Laurent a pu accompagner une femme qui souhaitait obtenir une part de liberté au travers du versement du montant des allocations familiales sur son propre compte. Il admet que cette demande l’a d’abord étonné : « Elle supportait plus de quémander de l’argent, très étonnant, femme érythréenne ». Cette réaction de la part de Laurent fait directement référence aux normes ethnicisées associant les femmes érythréennes à des victimes, image contraire à l’autonomie que la femme ici concernée souhaite obtenir au travers de ces montants. Finalement, avec l’aide de Laurent, celle-ci a pu obtenir le versement de cinq cent cinquante francs d’allocations familiales par mois :

« On avait travaillé au corps [le mari] pour qu’il accepte que les allocations familiales soient versées de l’employeur, directement sur un compte postal de Madame. Ça aurait été sujet à une séparation. […] elle voulait s’émanciper. C’était assez intéressant quoi, du coup on a versé les allocations [...]. Et lui […] il a dit “ moi ça pour moi ça me choque“ mais par amour pour sa femme pis, on lui a quand même expliqué que, qu’elle a quand même des droits. Ça paraît un peu fou quoi hein, mais il avait fini par accepter […] il a dit […] si j’ai envie de la garder il faut que j’accepte ça“. Donc il s’était fait un peu à l’idée, ce papa érythréen. […] J’avais trouvé super chou parce qu’elle avait dit “mais moi j’ai pas à vous dire qu’est-ce que je fais, j’ai pas à te dire à toi et en tout cas pas à vous. J’ai trouvé ça génial et j’ai dit “ ça c’est sûr !”. Et Monsieur […] m’a demandé comment ça se passait dans mon ménage. J’ai dit […] chacun fait ce qu’il veut avec son salaire, c’est comme ça ici.

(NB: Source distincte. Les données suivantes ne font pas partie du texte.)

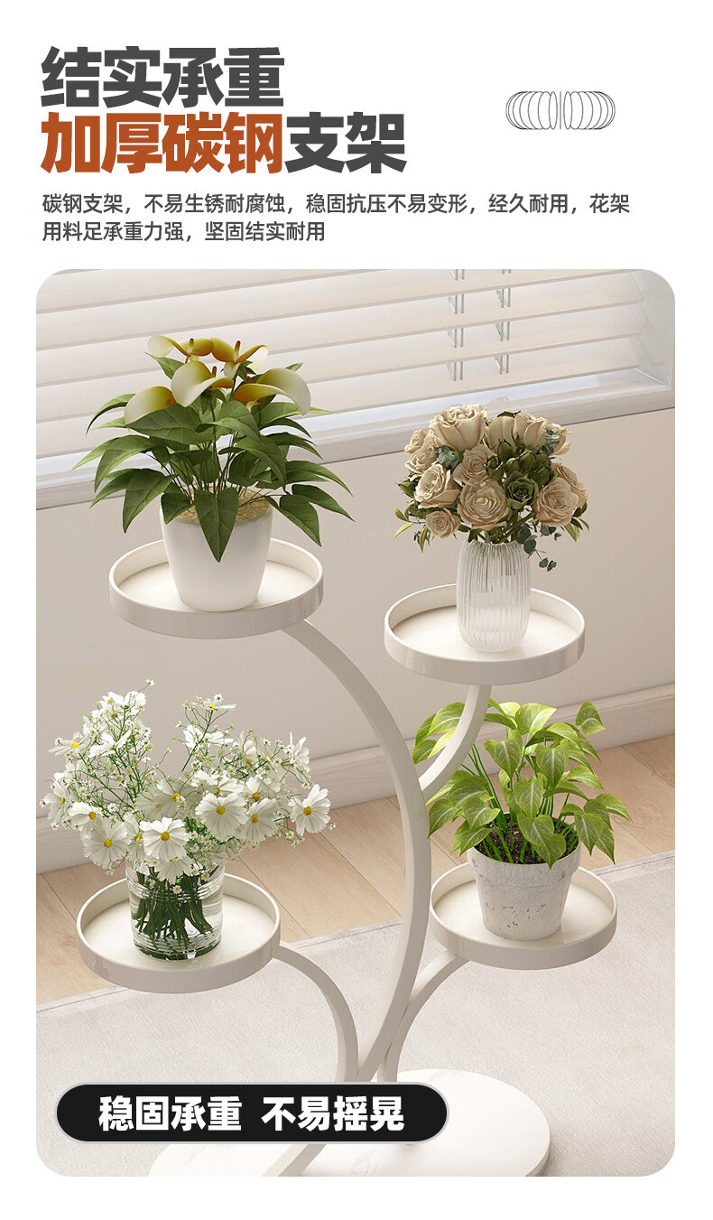 顾家家居(KUKA)奶油风客厅搭配花架DS3468XJ HJ-004富贵树花架奶白色四层45*70
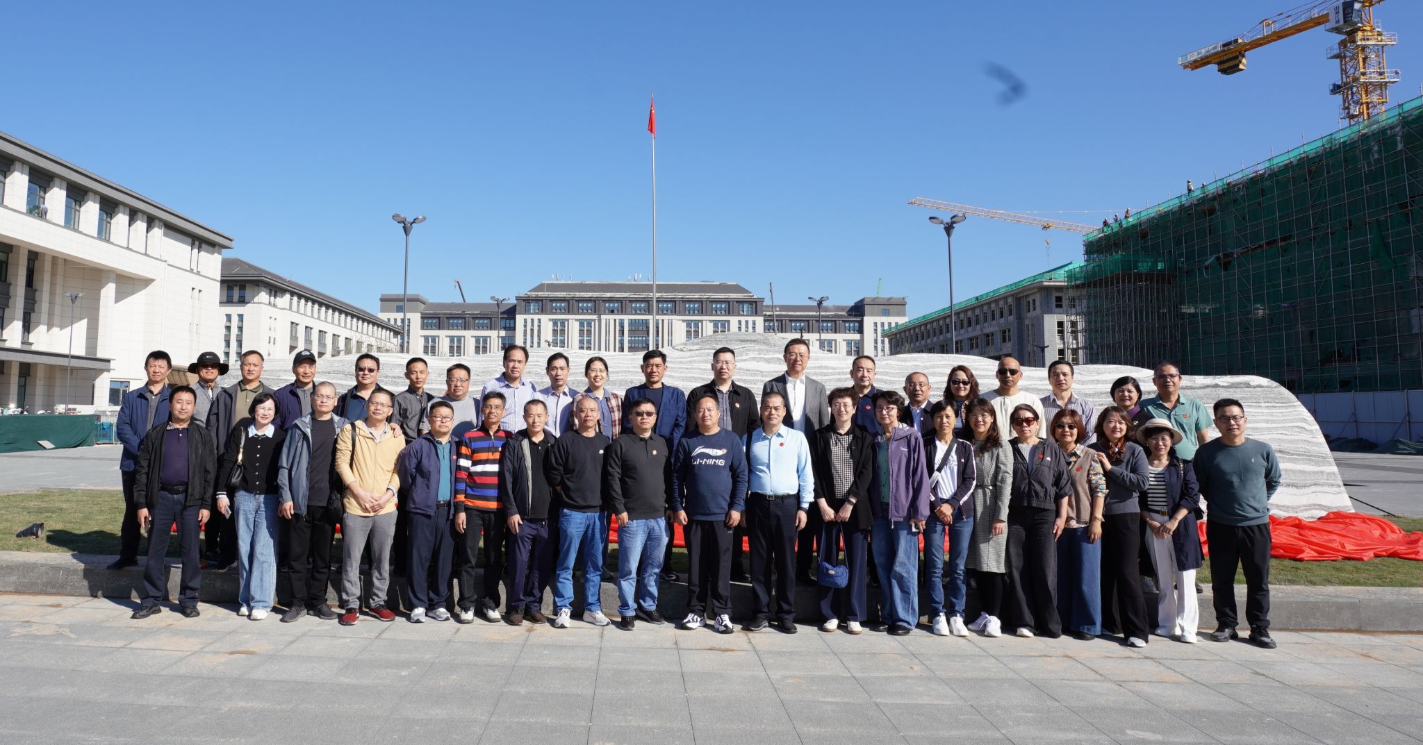 任家东、都沁军和90级会计学本科毕业生代表共同为校训石揭幕,并与校友们合影留念。

Et la femme lui a dit “ben tu vois“. » Laurent, assistant social

On peut voir que dans ces situations, c’est uniquement suite à un problème ou une demande de la part de la femme elle-même que le versement de l’argent s’est fait totalement ou en partie chez cette dernière. Dans les couples de personnes migrantes, l’aide sociale est versée chez l’homme, sauf si ce dernier met sa famille en situation précaire en raison de son incapacité à gérer le budget familial ou si le couple se met d’accord pour que l‘aide soit versée sur un compte au nom de la femme. Au travers des citations de Laurent, on peut observer les effets de l’intersection du genre et de l’ethnicité. L’image attribuée aux femmes migrantes les limite au niveau de l’égalité de traitement administratif, notamment en ce qui concerne leur statut, leur visibilité et leur accès à l’argent des assurances ou de l’aide sociale. Cela montre que si elles ne sont pas bousculées par des femmes migrantes telles que celle dont parle Laurent, les pratiques professionnelles répètent et reflètent les inégalités de genre et d’ethnicité. Ainsi, il est aisé de poser l’hypothèse selon laquelle les femmes migrantes obtiendraient plus de liberté et de visibilité si elles étaient séparées ou divorcées. C’est la raison pour laquelle cette question est traitée dans la section suivante.